Permutation test of the difference between mean time to mating of starved and fed crickets.


Observed value

Begin by calculating the observed difference between means (starved minus fed). The difference is -18.25734 in this data set.

cricketMeans <- summarize(group_by(cannibalism, feedingStatus), 
                  timeToMating = mean(timeToMating, na.rm = TRUE))
cricketMeans <- as.data.frame(cricketMeans)
cricketMeans
##   feedingStatus timeToMating
## 1       starved     17.72727
## 2           fed     35.98462
diffMeans <- cricketMeans$timeToMating[1] - cricketMeans$timeToMating[2]
diffMeans
## [1] -18.25734


Number of permutations

Decide on the number of permutations. We use 10K here.

nPerm <- 10000


Run a loop

Create a loop to permute the data many times (the number of times determined by nperm). In the following loop, i is a counter that climbs from 1 to nPerm by 1. In each iteration, the permuted difference is saved in the object permResult.
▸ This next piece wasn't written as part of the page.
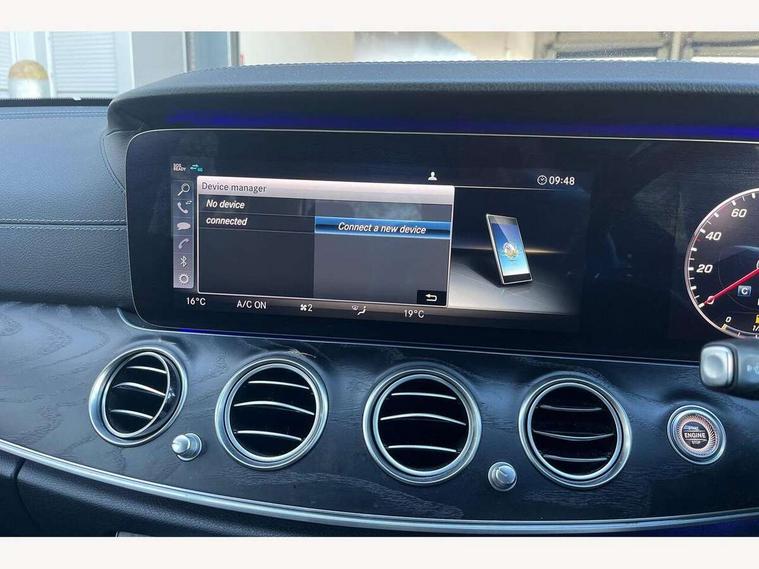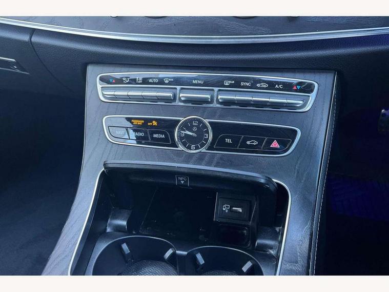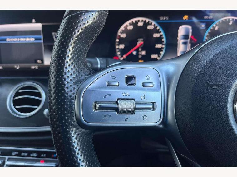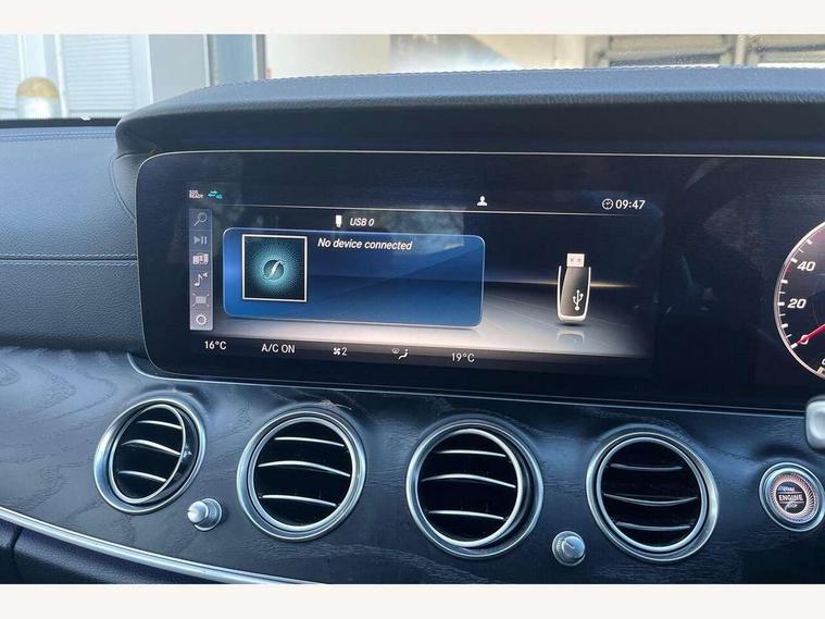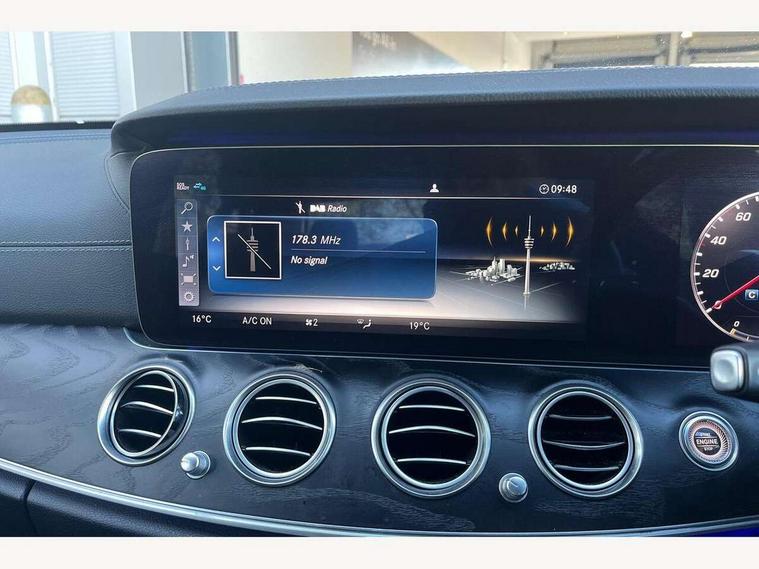 Active parking assist and 360 camera, Analogue clock, Attention assist, Blind spot assist, Boot release from drivers seat, Brake wear warning light, Cockpit display 12.3" widescreen digital instrument cluster, COMAND online HDD navigation with media interface with 12.3 inch colour display, WLAN/Wi-Fi hotspot, Car-to-X Communication, Cruise control with variable speed limiter, Direct steer speed sensitive steering, DYNAMIC SELECT with a choice of driving modes (ECO, Comfort, Sport, Sport+ and Individual), Mercedes connect me, Multi function trip computer, Outside temperature display, Remote boot release, Service indicator (ASSYST), Smartphone integration via Android Auto/Apple CarPlay, Media Interface, USB and Bluetooth interface, Status display for rear seat belts in instrument cluster, Stop/start system, Touchpad with control wheel, Traffic sign assist, Wireless charging, 25 litre AdBlue tank, 66 litre fuel tank, Agility control sports suspension with selective damping system and lowered by 15mm, Diesel particulate filter, Incorrect fuelling protection, 2 USB ports in centre console, 2 USB ports in the rear, Aerial integrated in rear window, Audio 20 with USB, control wheel and Media Interface with Bluetooth interface and hands-free function, DAB Digital radio, Adaptive brake lights, AMG bodystyling front and rear aprons and side skirts in polished aluminium, Body colour bumpers, Body colour door handles, Body colour door mirrors, Electric windows with one touch opening/closing and obstruction sensors, Electrically adjustable and heated door mirrors, Front LED fog lights with cornering function, LED rear lights, MULTIBEAM Intelligent Light System with Adaptive Highbeam Assist, Polished aluminium waistline, Pre-installation for roof rail systems, Privacy glass (rear side windows and rear screen), Radiator grille with integral star and 2 louvres in matt iridium silver with chrome trim, Rain sensor windscreen wipers, Rear wiper, Top surround of side windows in polished aluminium, Visible twin exhaust tailpipe in bumper, 3 spoke flat bottom AMG steering wheel with trimmed in black nappa leather, 40:20:40 split folding rear bench seat, AMG sports pedals with brushed stainless steel surfaces and black rubber studs, Auto dual-zone climate control system, Auto Mercedes-Benz child seat recognition sensor, Black roof lining, Chrome door pins, Courtesy lights in rear grab handles with reading light functionality, Electric height/reach adjustable steering column, Four way partially front electric seat adjustment, Front and rear door pockets, Front centre armrest with storage compartment, Front door sills with illuminated Mercedes lettering, Glasses compartment in overhead control panel, Head restraints for driver and front passenger (four-way adjustability)and in rear (two-way), Heated front seats, Interior lighting - 64 colour Ambient lighting, Interior rear light/integral reading lights, ISOFIX child seat attachment points two outer rear seats, Leather upholstery, Lockable/illuminated air conditioned glovebox, Steering column electrically adjustable for height and reach, Steering wheel multifunction with gearshift paddles, Steering wheel touch control buttons for audio and onboard settings, Storage compartment with 12V socket in centre console, Sunvisors with illuminated vanity mirrors, Velour floor mats, Velour floor mats with AMG lettering, Memory pack - E Class, Mirror pack - E Class, Parking package including 360 degree camera - E Class, Seat comfort pack - E Class, Stowage pack - E Class, 3x3 point rear seatbelts, Active bonnet, Active brake assist, Adaptive brake system with HOLD function and brake drying in the wet, Anti-lock braking system (ABS), Black seat belts, Childproof locks manually operated for rear doors and electrically operated for rear power windows, Driver and passenger side/thorax airbags, Driver/front passenger airbag, Drivers knee airbag, Electronic parking brake, Electronic Stability Programme, Hill hold assist, Hill start assist, Perforated front brake discs with "Mercedes-Benz" lettering, Pre-Safe anticipatory safety system, Seat occupancy sensor, Seatbelt warning, Tyre pressure monitoring system, Warning triangle and first aid kit, Window airbags, Alarm system/interior protection/immobiliser, Central locking with interior switch, automatic locking and crash sensor with emergency opening function, Chrome surround electric key, Keyless Start, Black open pore ash wood dashboard and door trim + Centre console in black open pored ash wood, 19" AMG 10 spoke light alloy wheels painted in titanium grey - RRD, Run flat tyres,

permResult <- vector() # initializes
for(i in 1:nPerm){
    # step 1: permute the times to mating
    cannibalism$permSample <- sample(cannibalism$timeToMating, replace = FALSE)
    # step 2: calculate difference betweeen means
    permSampleMean <- as.data.frame(summarize(group_by(cannibalism, feedingStatus), 
                  permMean = mean(permSample, na.rm = TRUE)))
    permResult[i] <- permSampleMean$permMean[1] - permSampleMean$permMean[2]
    }


Plot null distribution

Make a histogram of the permuted differences (Figure 13.8-1).

hist(permResult, right = FALSE, breaks = 100)

or

ggplot(data.frame(permResult), aes(permResult)) + 
    geom_histogram(fill = "white", col = "black", binwidth = 1, 
        boundary = 0, closed = "left") + 
    labs(x = "Permuted difference in treatment means (hours)", y = "Frequency") + 
    theme_classic()


Approximate \(P\)-value

Use the null distribution to calculate an approximate P-value. This is the twice the proportion of the permuted means that fall below the observed difference in means, diffMeans (-18.25734 in this example). The following code calculates the number of permuted means falling below diffMeans.

sum(as.numeric(permResult <= diffMeans))
## [1] 649

These commands obtain the fraction of permuted means falling below diffMeans.

sum(as.numeric(permResult <= diffMeans)) / nPerm
## [1] 0.0649

Finally, multiply by 2 to get the P-value for a two-sided test. The value won’t be identical to the one in the book, or to the value you obtain, because 10,000 iterations is not large enough for extreme accuracy.

2 * ( sum(as.numeric(permResult <= diffMeans)) / nPerm )
## [1] 0.1298